Zwischen 15 und 30 % aller chronischen Rückenschmerzen sind auf eine Problematik des Iliosakralgelenks zurückzuführen. Bei Patientinnen und Patienten mit operativen Eingriffen an der Wirbelsäule liegt der Anteil noch höher. Eine akkurate Diagnostik ist die Voraussetzung für eine gezielte Behandlung.
Das Iliosakralgelenk (ISG) ist das größte axiale Gelenk und weist die komplexeste und größte Gelenkfläche des Körpers auf. Durch das ISG hervorgerufene Schmerzen seien typischerweise im Gesäß lokalisiert, könnten aber auch zur Wirbelsäule, seltener zur Hüfte/Leiste und in die Beine ausstrahlen, sagte Dr. med. Richard Ibrahim (München).
Zur Erhärtung des Verdachts sollten klinische Tests wie der Distraktions-, Kompressions-, FABER- oder Thigh-Thrust-Test durchgeführt werden. Fallen mindestens 3 davon positiv aus, spricht dies laut Ibrahim mit je etwa 80%iger Sensitivität und Spezifität für das ISG als Schmerzquelle. Mittels Bildgebung sollten Differenzialdiagnosen wie eine Bandscheibenproblematik, eine Spinalstenose, ein Problem mit dem Hüftgelenk oder ein entzündliches Geschehen etwa bei rheumatischen Erkrankungen ausgeschlossen werden. Schließlich sollte als Bestätigung die Injektion eines Lokalanästhetikums in die Nähe des ISG zu einer signifikanten Schmerzreduktion führen (diagnostischer Block).
Therapie von konservativ zu invasiv
Auch Physio- bzw. manuelle Therapie käme immer als erstes zum Einsatz, ergänzte PD Dr. med.

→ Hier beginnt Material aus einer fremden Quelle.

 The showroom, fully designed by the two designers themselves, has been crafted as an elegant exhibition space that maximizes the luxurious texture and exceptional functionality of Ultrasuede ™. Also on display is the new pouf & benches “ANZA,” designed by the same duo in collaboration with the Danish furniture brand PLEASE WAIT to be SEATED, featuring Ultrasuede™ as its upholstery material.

Simon Bayerl (Berlin). Die Ziele seien laut Dr. med. Hanns Christian Harzmann (München) die Mobilisation gelenknaher Strukturen (Ligamente) und angrenzender Gelenke, die Detonisierung der direkten und indirekten muskulären Strukturen, besonders der Hamstrings (ischiocrurale Muskulatur), und die Durchblutungsförderung. Harzmann betonte, dass Übungen zur Stabilisation und Kraft geräteunabhängig möglich seien und regelmäßig erfolgen sollten.

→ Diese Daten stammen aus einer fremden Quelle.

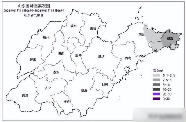 11日06时至12日06时,全省共有2市、9县(市、区)出现降雪,平均降雪量0.1(毫米,下同)。各市平均:威海2.1和烟台0.4,其他市无降雪。县(市、区)平均降雪量超过2.5的3个,0.1—2.5的6个,前3位的是:威海荣成4.6、威海文登4.2和威海市区2.7。最大积雪深度排前3位的是:威海本站21厘米、威海文登17厘米和威海荣成15厘米。
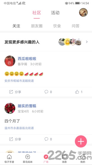 3.社交圈添加了好友关注,添加了孕妇问答模块和个人主页。

Lässt sich mit diesen Maßnahmen keine ausreichende Besserung erreichen, könne eine ISG-Infiltration vielen Betroffenen helfen, so Bayerl. Bleibt auch diese ohne Erfolg, sollte eine perkutane oder endoskopische Denervation erwogen werden. Laut Literatur profitierten 30 – 87 % der Betroffenen nach 6 Monaten und 12–77 % nach 12 Monaten von einer perkutanen Denervation. Allerdings gebe es hohe Rezidivraten. Bessere Langzeitergebnisse ließen sich mit endoskopischer Denervation erreichen, bei ebenfalls geringer Komplikationsrate, so Bayerl. Eine operative Fusion komme lediglich für eine sehr kleine, ausgewählte Patientengruppe infrage.
Wie Bayerl weiter berichtete, wurde nun in einer randomisierten Studie erstmals die Wirksamkeit einer peripheren Nervenstimulation bei ISG-Schmerz untersucht. Einbezogen waren Patientinnen und Patienten, bei denen die genannten Therapieansätze (ausgenommen operative Fusion) ausgeschöpft waren. Einer vorläufigen Auswertung zufolge ließ sich mit der peripheren Nervenstimulation eine Verbesserung der Schmerzen von fast 80 auf weniger als 30 VAS(visuelle Analogskala)-Punkte nach 12 Monaten erreichen. Komplikationen habe es kaum gegeben. In der Kontrollgruppe wurde mit Physiotherapie keine Besserung erzielt. Bayerl hofft, dass sich mit diesem Ansatz in Zukunft operative Fusionen vermeiden lassen – bei besserem Outcome.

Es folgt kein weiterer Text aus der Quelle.